● **What the exercise asks**: The answer must consist solely of the lines from the one with "新品タグ付 Samansa Mos2" through the last line of the data, copied exactly, with no pictures.

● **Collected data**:
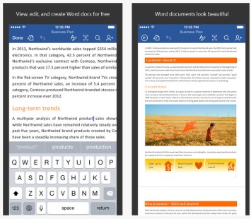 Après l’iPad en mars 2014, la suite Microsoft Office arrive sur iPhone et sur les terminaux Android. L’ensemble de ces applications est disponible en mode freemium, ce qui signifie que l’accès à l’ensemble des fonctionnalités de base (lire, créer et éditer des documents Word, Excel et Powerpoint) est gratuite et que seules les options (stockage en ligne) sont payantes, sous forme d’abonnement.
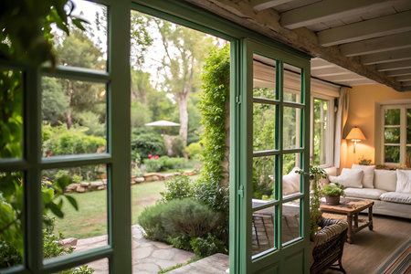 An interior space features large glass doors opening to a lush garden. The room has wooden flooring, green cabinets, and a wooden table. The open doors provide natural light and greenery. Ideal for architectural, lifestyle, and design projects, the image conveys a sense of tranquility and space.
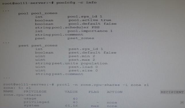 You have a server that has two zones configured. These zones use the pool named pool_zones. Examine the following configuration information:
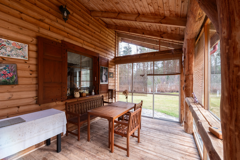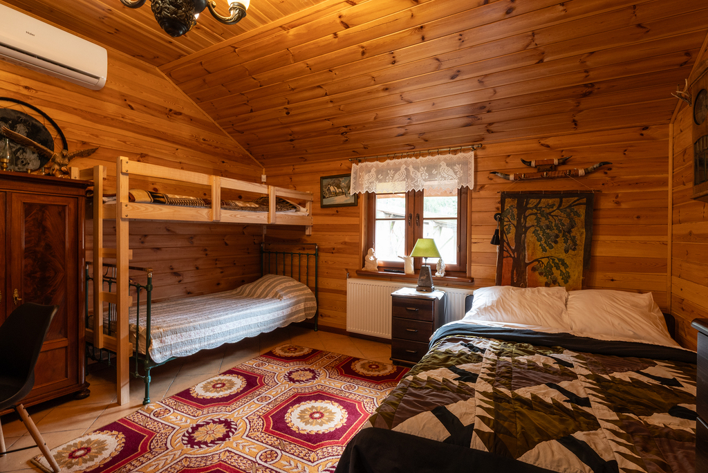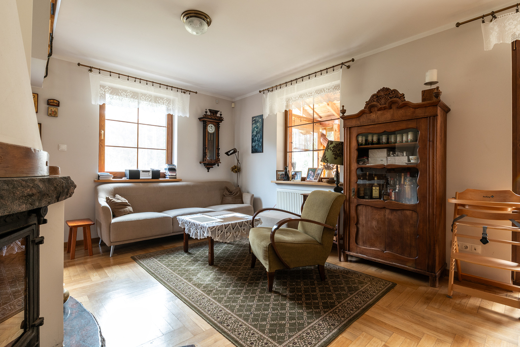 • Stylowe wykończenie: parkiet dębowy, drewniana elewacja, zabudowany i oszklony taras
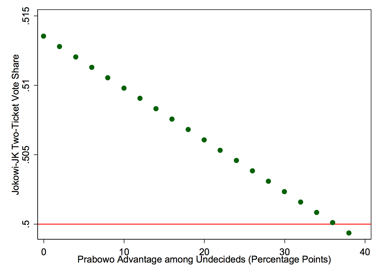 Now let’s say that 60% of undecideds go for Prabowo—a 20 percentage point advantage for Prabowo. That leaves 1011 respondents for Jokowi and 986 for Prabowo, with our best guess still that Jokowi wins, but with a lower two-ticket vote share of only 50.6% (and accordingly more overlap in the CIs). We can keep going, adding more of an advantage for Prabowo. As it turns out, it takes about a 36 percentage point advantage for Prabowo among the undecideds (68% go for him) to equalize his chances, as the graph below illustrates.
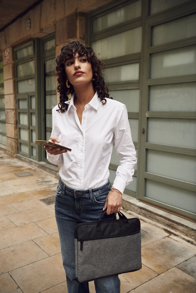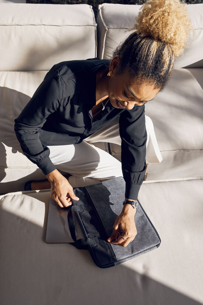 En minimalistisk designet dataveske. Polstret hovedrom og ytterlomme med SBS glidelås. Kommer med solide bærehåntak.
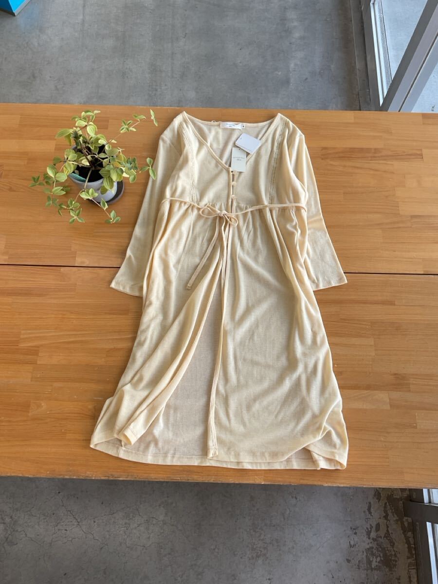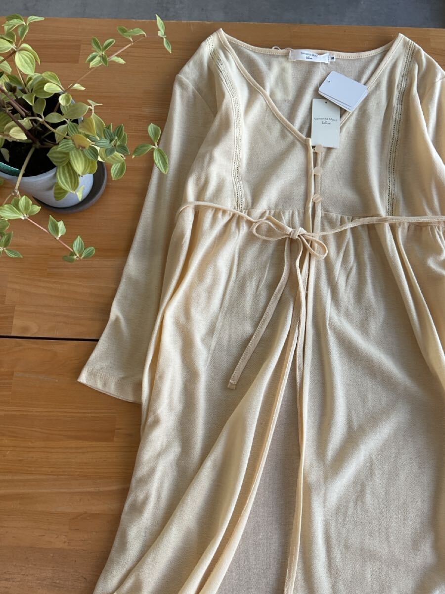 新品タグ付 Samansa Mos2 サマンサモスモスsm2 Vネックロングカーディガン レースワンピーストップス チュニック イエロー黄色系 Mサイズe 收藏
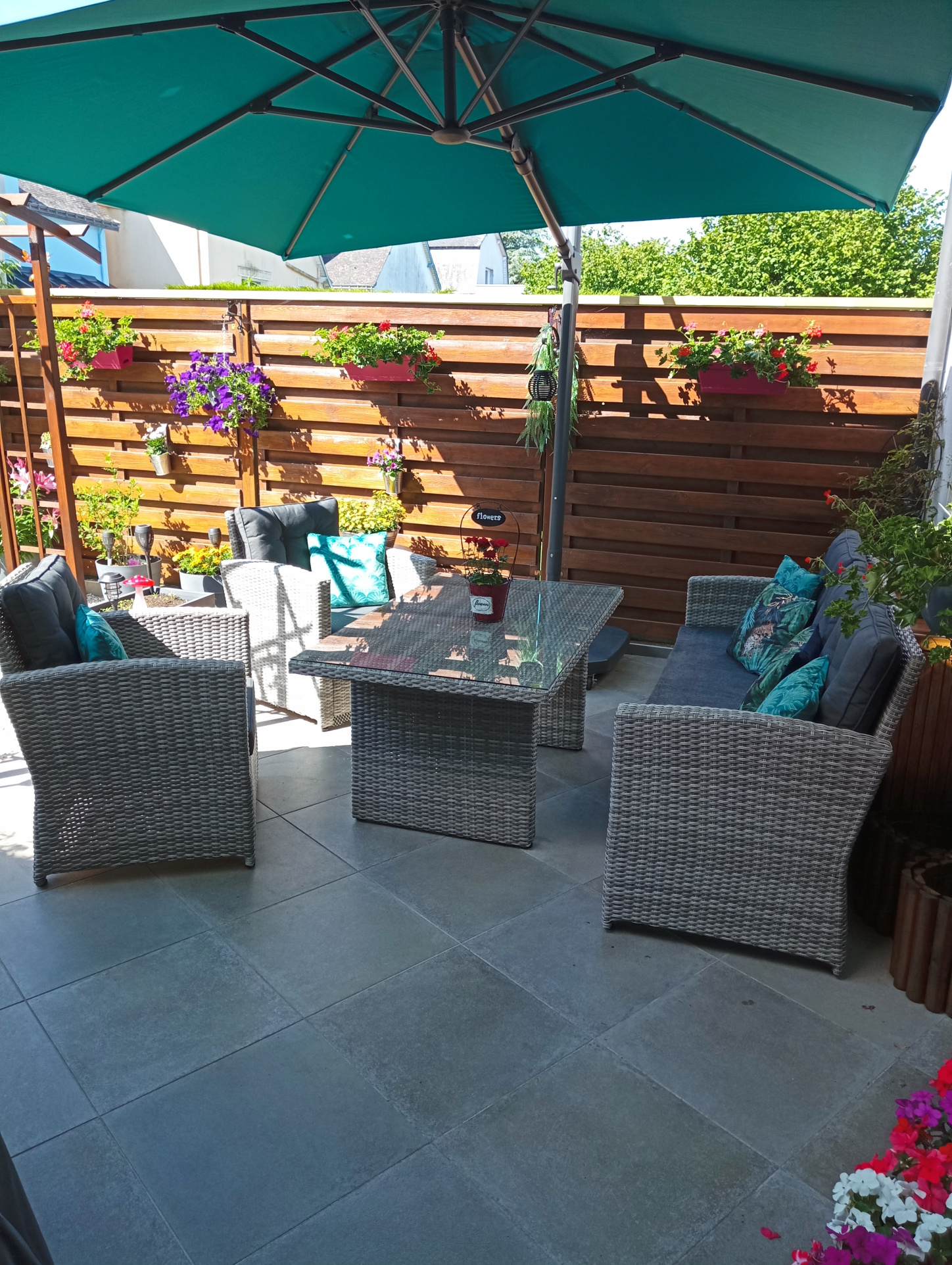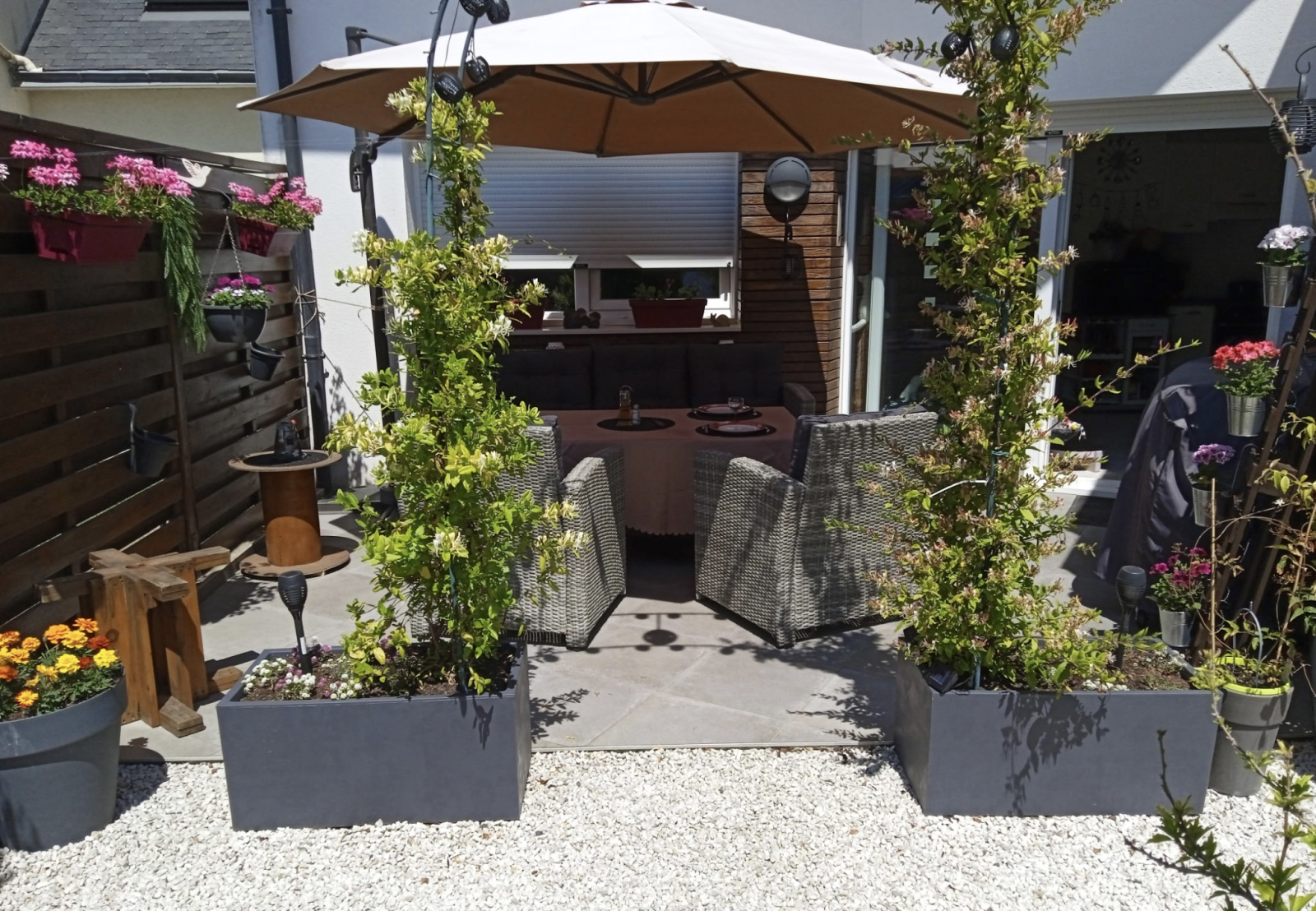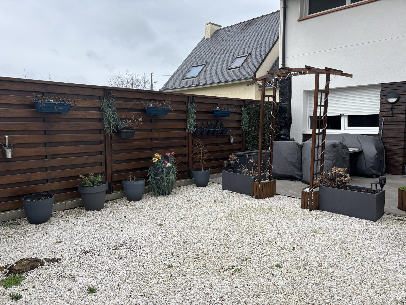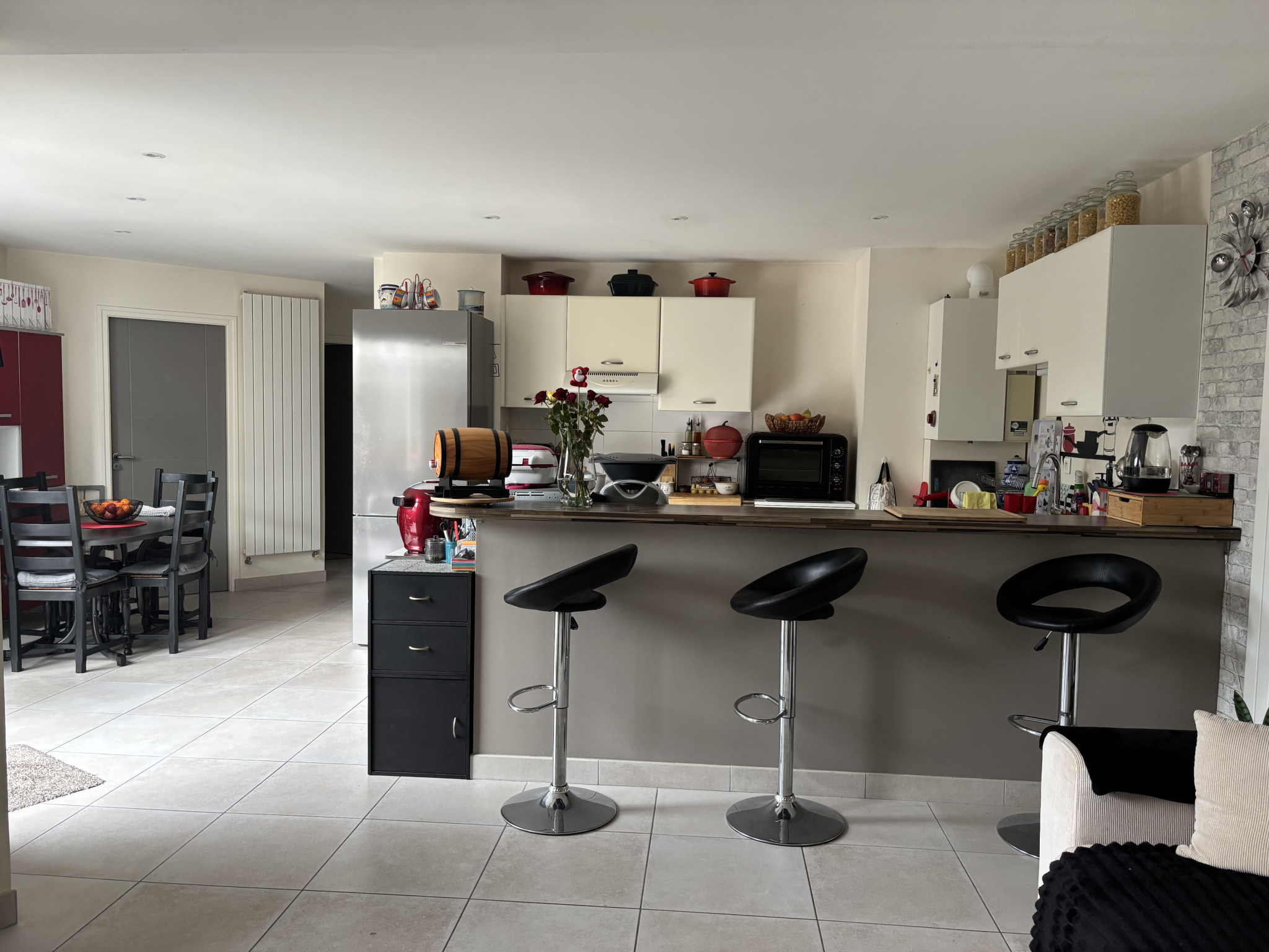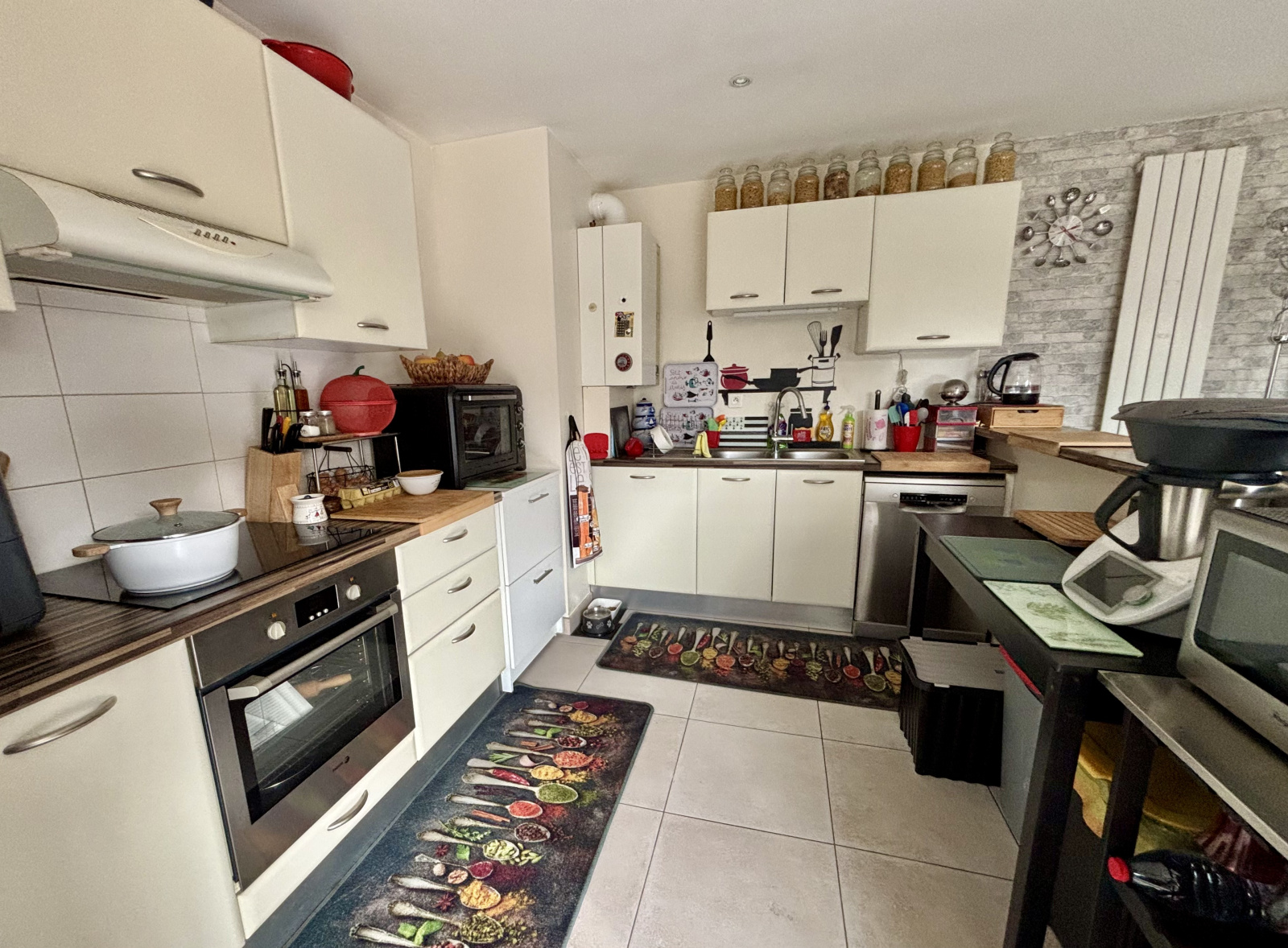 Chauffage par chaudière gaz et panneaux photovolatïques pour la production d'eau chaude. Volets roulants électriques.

● **Exercise answer**:
 新品タグ付 Samansa Mos2 サマンサモスモスsm2 Vネックロングカーディガン レースワンピーストップス チュニック イエロー黄色系 Mサイズe 收藏
 Chauffage par chaudière gaz et panneaux photovolatïques pour la production d'eau chaude. Volets roulants électriques.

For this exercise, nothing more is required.